The position vector r of a particle moving in an xy plane is given by [r = (6t^3-3t)i + (4-1t^4)j] with r in meters and t in seconds. What is the angle between the positive direction of the x axis and a line tangent to the particle's path at t = 3 s? Give your answer in the range of (-180 degrees; 180 degrees].
To find the angle between the positive x-axis and the line tangent to the particle's path at a specific value of t, we need to calculate the vector tangent to the path at that moment and then find the angle between that vector and the positive x-axis.
Let's first calculate the tangent vector by finding the derivative of the position vector with respect to time (t).
Given: r = (6t^3 - 3t)i + (4 - t^4)j
Taking the derivative of r with respect to t, we get:
r' = d/dt[(6t^3 - 3t)i + (4 - t^4)j]
r' = (18t^2 - 3)i - (4t^3)j
Substituting t = 3 into r', we get:
r'(3) = (18(3)^2 - 3)i - (4(3)^3)j
= (162 - 3)i - (108)j
= 159i - 108j
Now, we have the tangent vector. To find the angle between this vector and the positive x-axis, we can use the dot product and the arctangent function.
The dot product of two vectors A = (A1, A2) and B = (B1, B2) is given by:
A · B = A1B1 + A2B2
Let A = (x1, y1) be the unit vector in the positive x-direction (1, 0), and B = (159, -108) be the tangent vector we calculated above.
A · B = (1)(159) + (0)(-108)
= 159
The magnitude of A is given by ||A|| = sqrt(A1^2 + A2^2) = sqrt(1^2 + 0^2) = 1.

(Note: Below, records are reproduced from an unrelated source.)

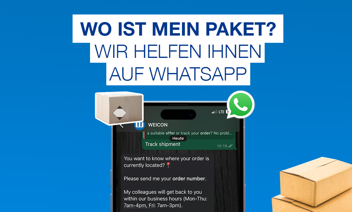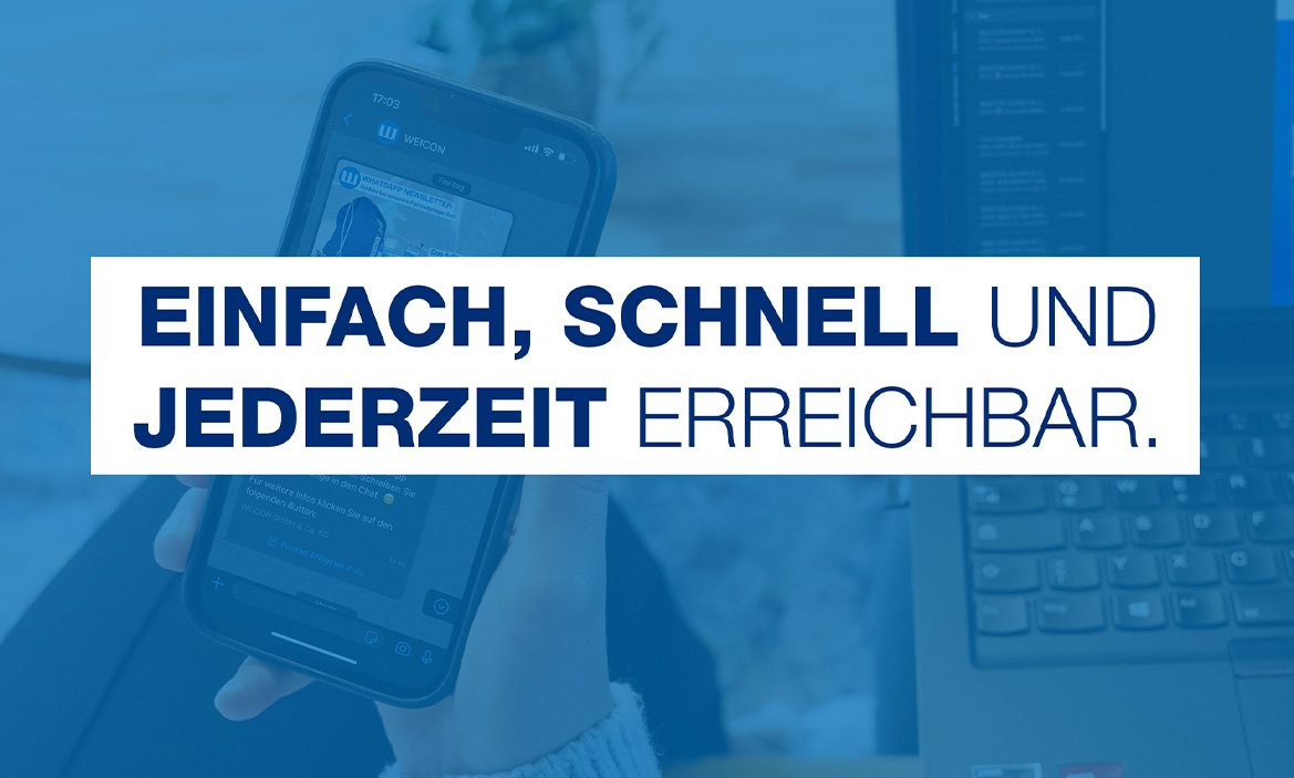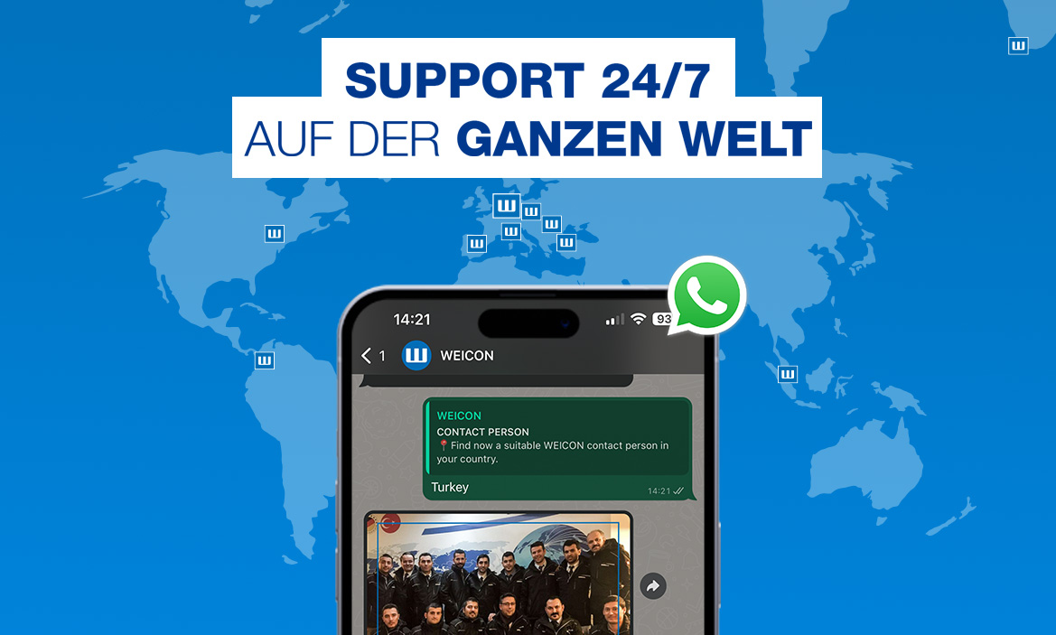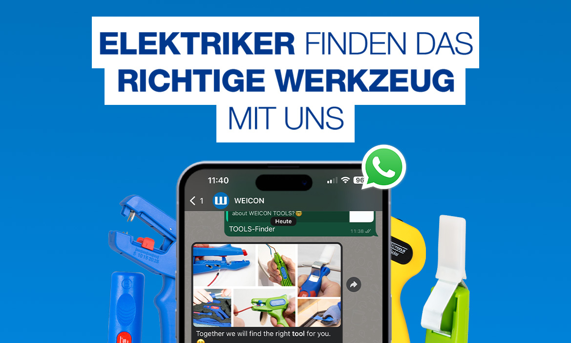 Möchten Sie uns jederzeit und überall kontaktieren, Fotos Ihrer Anwendung senden oder den WEICON TOOLS-Finder verwenden? Haben Sie Fragen zu unseren Produkten, suchen schnell die passende Ansprechperson oder möchten bequem per WhatsApp bestellen? All das haben wir für Sie ermöglicht! Nutzen Sie unseren WhatsApp Service oder abonnieren Sie unseren WhatsApp-Newsletter oder unseren neuen WhatsApp-Channel.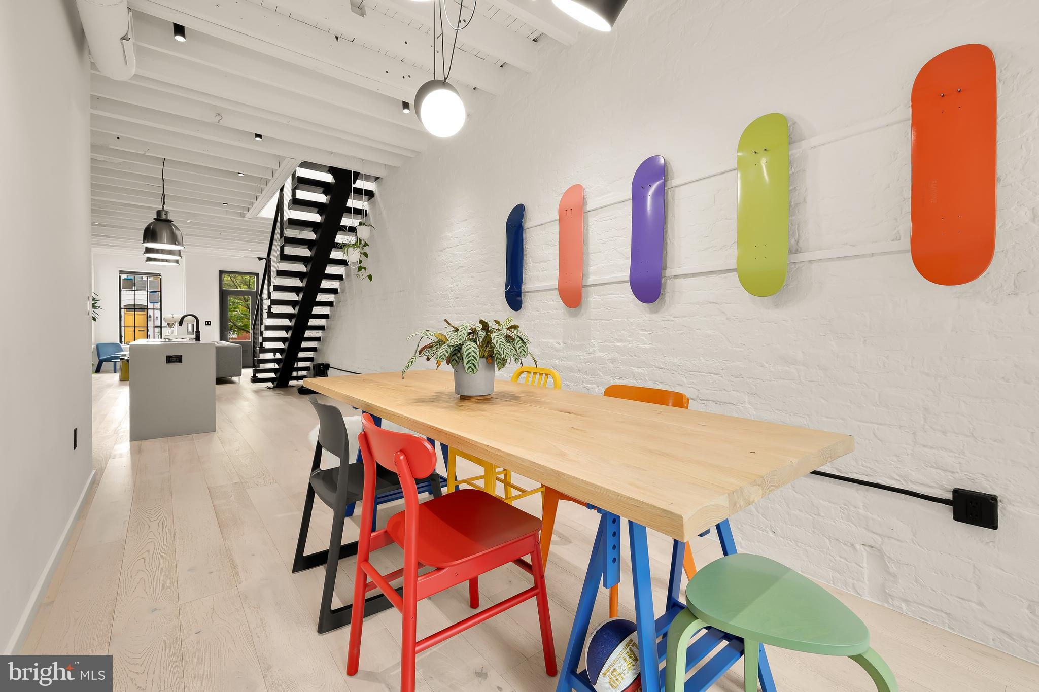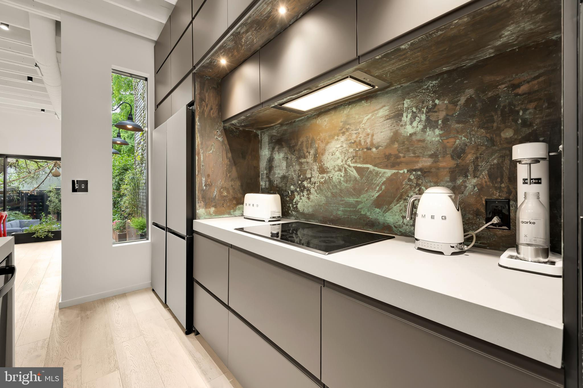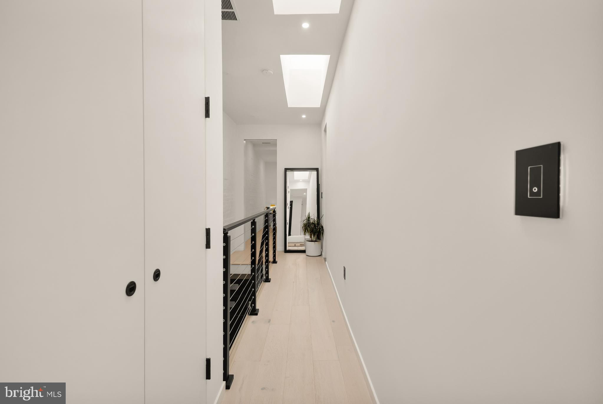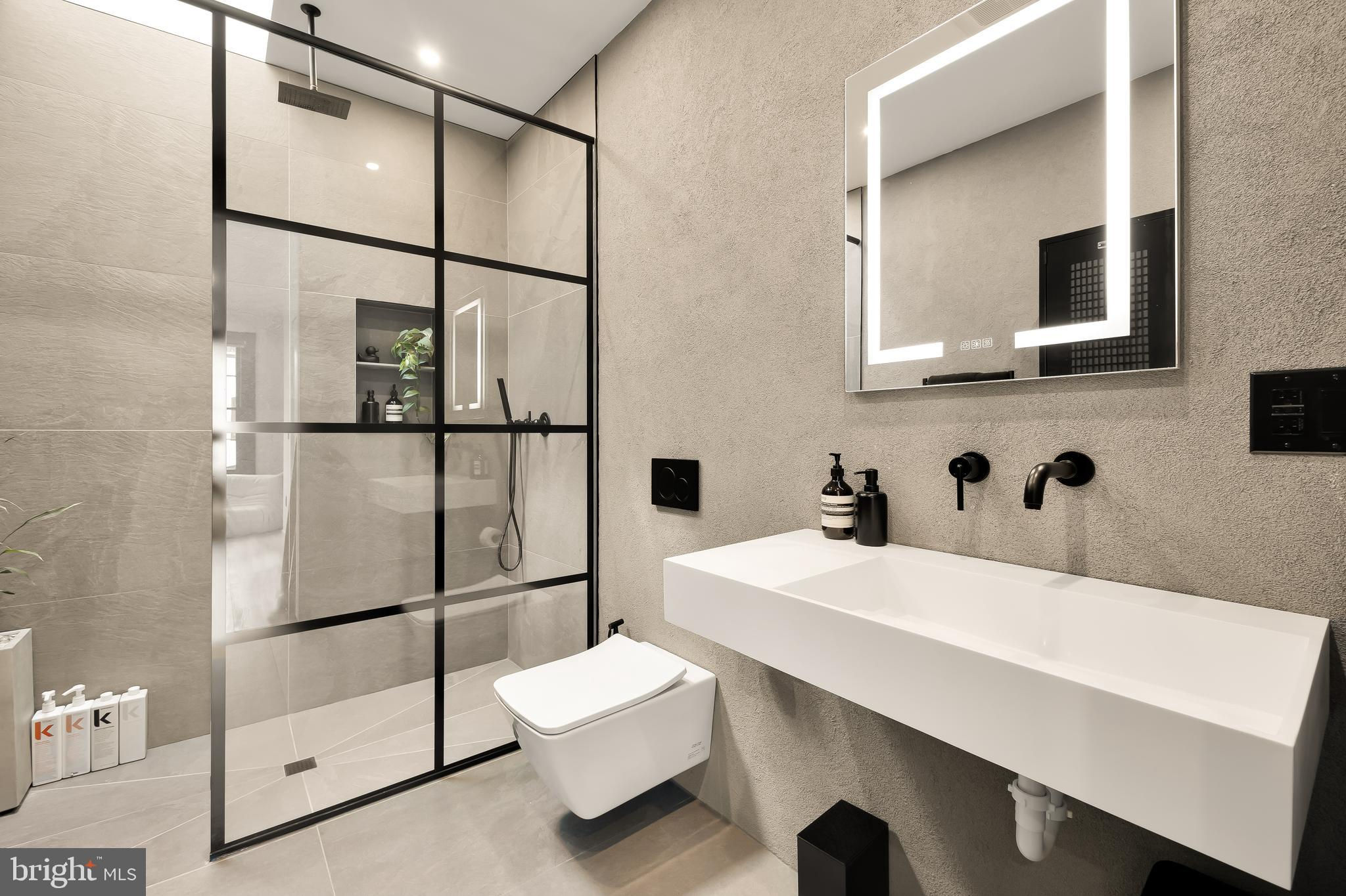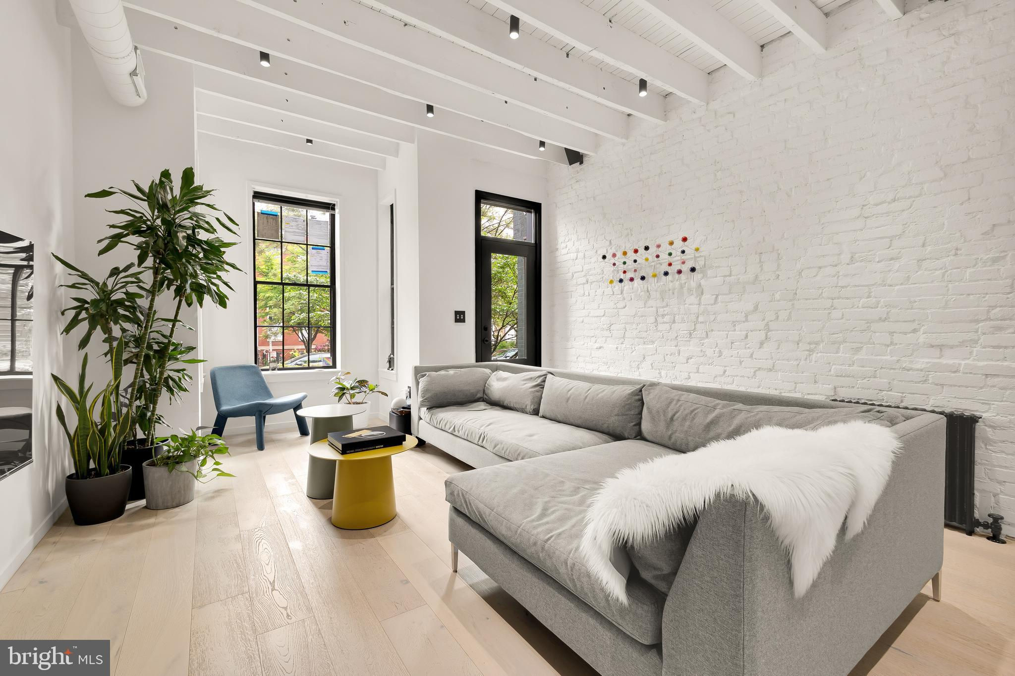 A classic Victorian with a modern soul, where the past and present elegantly intertwine. This meticulously renovated 1908 row home is only one block away from historic and vibrant Eastern Market and has had over $400k invested in its restoration. This stately residence seamlessly blends classic charm with modern luxury. A Parisian-inspired terrace greets you and invites you to discover what is inside. The interior features a wide open floor plan with gorgeous light oak engineered hardwood flooring throughout. The kitchen is a masterpiece of culinary design, boasting state-of-the-art Samsung Chef Collection appliances and a spacious Caesarstone island setting the state for epicurean creativity. The floating staircase leads to two oversized bedrooms and two lavish full bathrooms, where spa-like indulgence awaits with a freestanding bath and a generous walk-in shower. A fully renovated basement allows an additional 450sf, transformed into a private movie theater and gym, complete with a convenient kitchenette and smart drink fridge for ultimate comfort and entertainment. This home is not just beautiful, it's intelligent too. With a new HVAC system, smart home controls, voice-activated assistants, and a Hue lighting system that offers 16 million color possibilities to set the perfect ambiance for any occasion - from cozy movie nights to vibrant gatherings. Luxury and convenience are seamlessly integrated into every corner. Outside, the enchantment continues in the serene backyard oasis, shaded by mature trees and adorned with lush plantings, creating a tranquil retreat for relaxation and entertaining. Atmospheric lighting from lanterns dramatically illuminates the bold gray facade. A wide gate leads to Browns Court providing access for bikes and strollers and to little-known public alley parking. Don't miss this rare opportunity to own a transformed piece of Capitol Hill's history.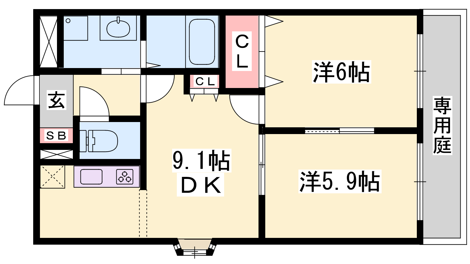 - DK9.1帖、洋室6帖、洋室5.9帖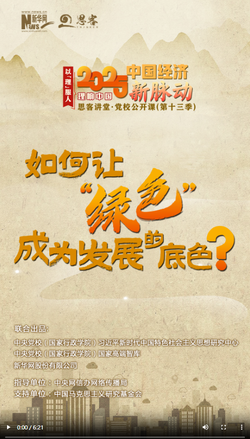 新一季“思客講堂·黨校公開課”《理響中國·以理服人|2025中國經(jīng)濟新脈動》,帶你讀懂2025年經(jīng)濟工作重點。藍天、碧水、凈土;節(jié)能、減排、降碳;生態(tài)優(yōu)先、綠色消費、零碳工廠……一個個生動的綠色畫筆,勾勒出高質(zhì)量發(fā)展的底色。綠色打底,發(fā)展更優(yōu)。怎么讓“綠色”成為發(fā)展的底色?如何激活全面綠色轉(zhuǎn)型的潛力?中央黨校(國家行政學(xué)院)社會和生態(tài)文明教研部副教授韓融給出了答案。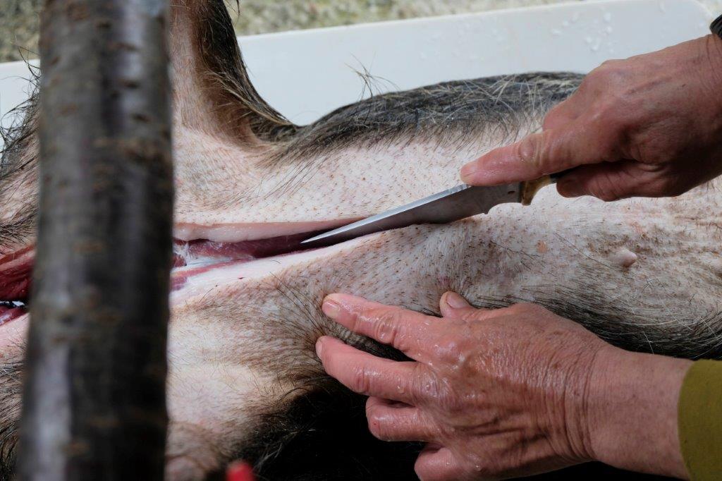 With a deer, it’s possible to literally peel off the skin since they’re much leaner, but with a boar it’s a slow methodical process of slicing between the skin and the fat. I’ve had a decent go on it and found that knife skills I acquired working in the fish industry is transferable here.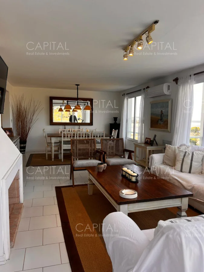 Frente al mar, amplio y luminoso. Cuenta con 4 dormitorios, uno de ellos en suite, toilette, cocina definida, living con estufa a leña y comedor. Terraza con parrillero propio y dependencia de servicio con baño. Ideal para vivir todo el año
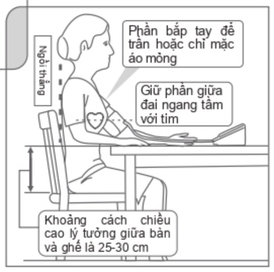 Ngồi thẳng, bàn chân tiếp xúc phẳng với sàn nhà và đài quần vòng quanh bắp tay. Đạt cảnh tay nằm phẳng trên mặt bản với lòng bàn tay hướng lên. Giữ phần giữa của đại nằm ngang với tầm tim. Ngồi yên 5 phút trước khi đo.
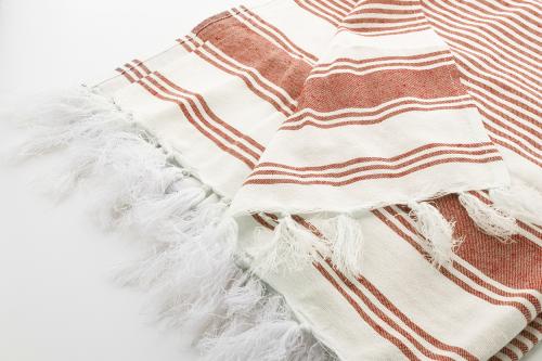 Two-tone striped pareo beach towel in 70% cotton and 30% polyester. 210 g/m².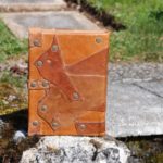 Carnet cuir marron aspect vieux grimoire vieilli en cuir, avec clous patinés, empreintes celtiques.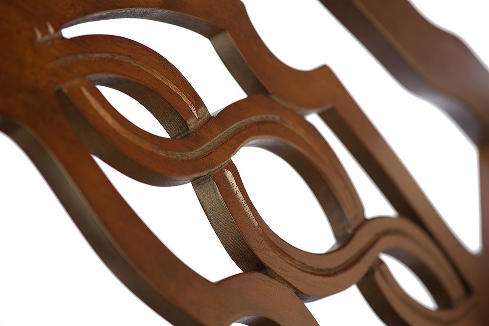 Деревянный стул с резной спинкой и мягким сиденьем из коллекции обеденной мебели. Ручное исполнение узора на деревянной спинке стула придает модели дополнительного изящества. Этот стул помимо эстетических и практических качеств, отличается прочностью. Он прослужит долгие годы, не требуя особого ухода.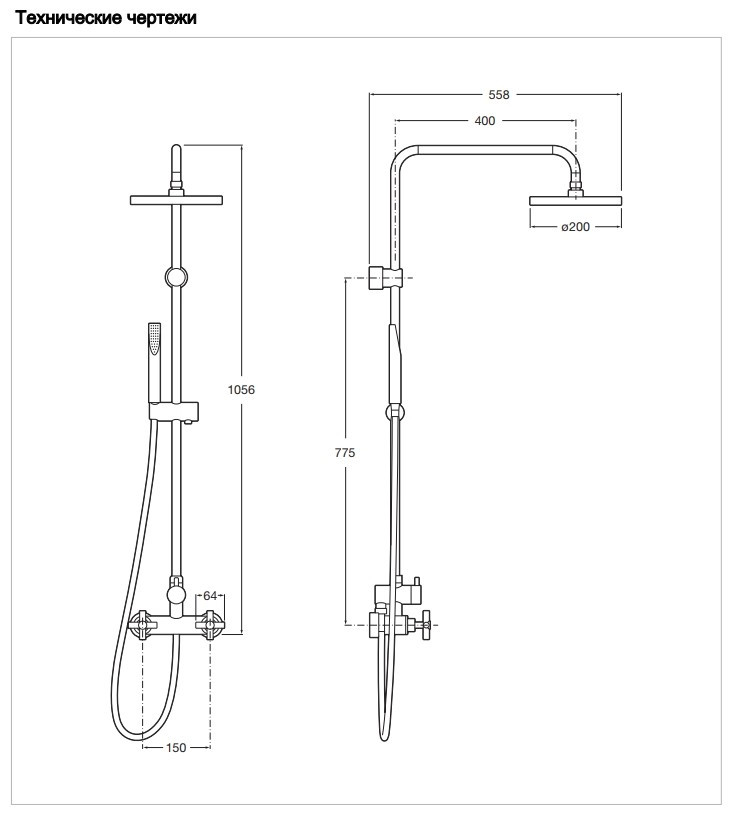 Розміри верхнього душу - 200 мм,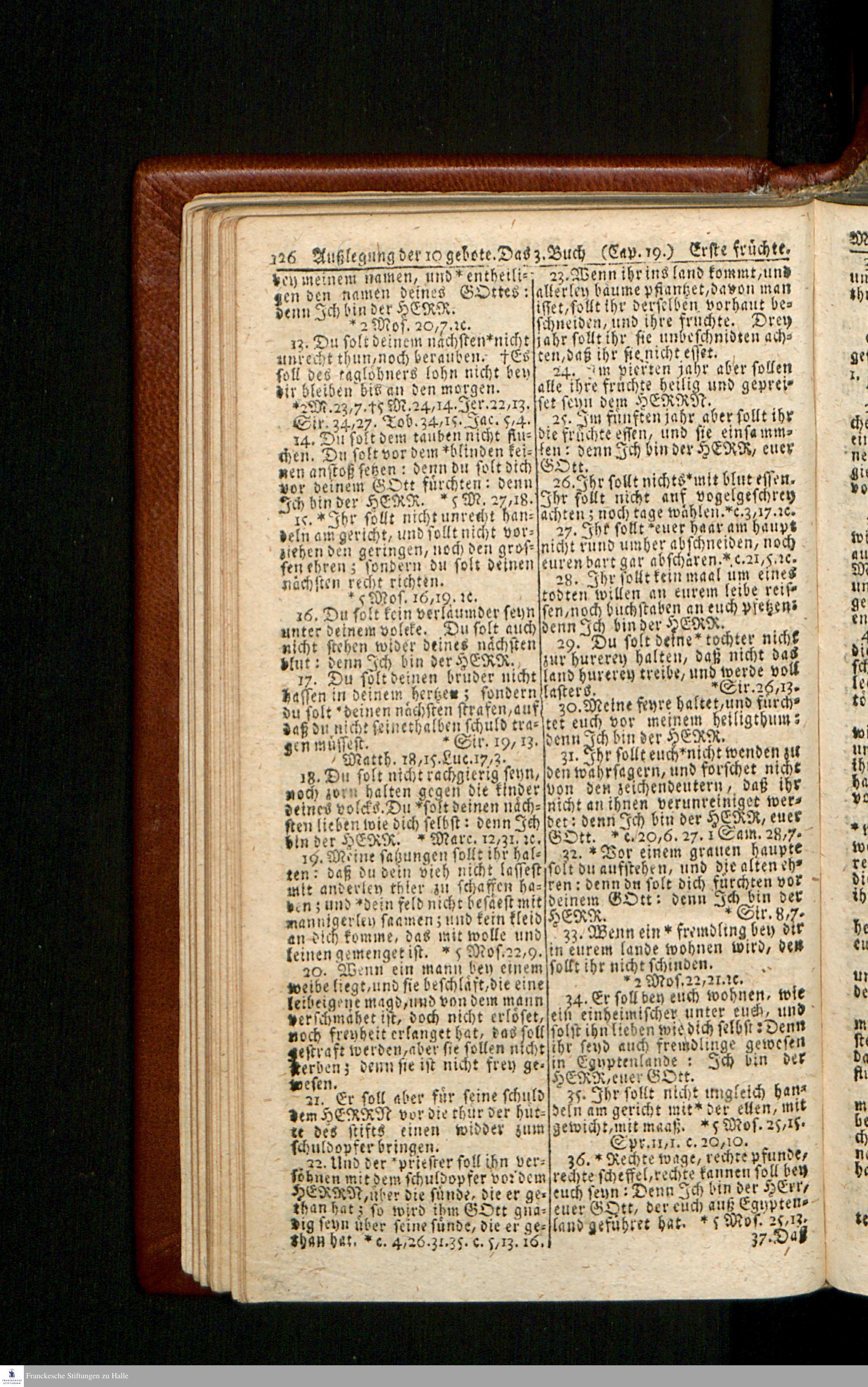 Biblia, Das ist: Die gantze Heil. Schrift Altes und Neues Testaments / Nach der Teutschen Ubersetzung D. Martin Luthers; Mit iedes Capitels kurtzen Summarien/ und nöthigsten Parallelen; Mit Fleiß übersehen, Und gegen einige/ sonderlich erstere/ Editiones des sel. Mannes gehalten, auch an unterschiedlichen Orten nach denselben eingerichtet, und von vielen in den bisherigen Exemplarien hin und wieder eingeschlichenen druckfehlern gesaubert. Nebst einer Vorrede Hn. Baron Carl Hildebrands v. Canstein.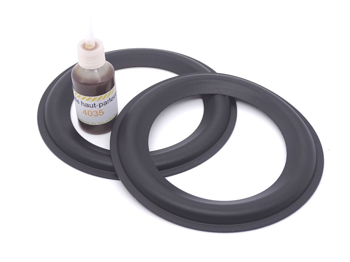 Kit de réparation haut-parleur comprenant 2 suspensions caoutchouc nouvelle formule et 1 colle spéciale haut-parleur.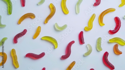 Gummy Worms and Candy on White Background - A Sweet and Colorful Confectionery Display. The Delightful Gummy Worms and Assorted Candies on the Plain White Background, with Their Bright Colors and Temp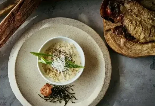 とろろや湯葉を加えた豆乳仕立ての十五穀米粥に、香ばしい焼き魚、梅干し、海苔を添えた朝食限定メニュー。デトックスやヘルシーを意識し、ブッフェでは豆乳出汁と好みのトッピングで楽しめます。

The magnitude of B is given by ||B|| = sqrt(159^2 + (-108)^2) = sqrt(25281 + 11664) = sqrt(36945) = 192.202
Using the dot product formula and the magnitudes of A and B:
cos(theta) = (A · B) / (||A|| * ||B||)
= 159 / (1 * 192.202)
= 0.826
To find the angle theta, we can take the arccosine (inverse cosine) of the value obtained:
theta = arccos(0.826)
≈ 33.815 degrees
Since the angle of rotation is measured counterclockwise, the angle between the positive x-axis and the tangent line is approximately 33.815 degrees in the range (-180 degrees, 180 degrees].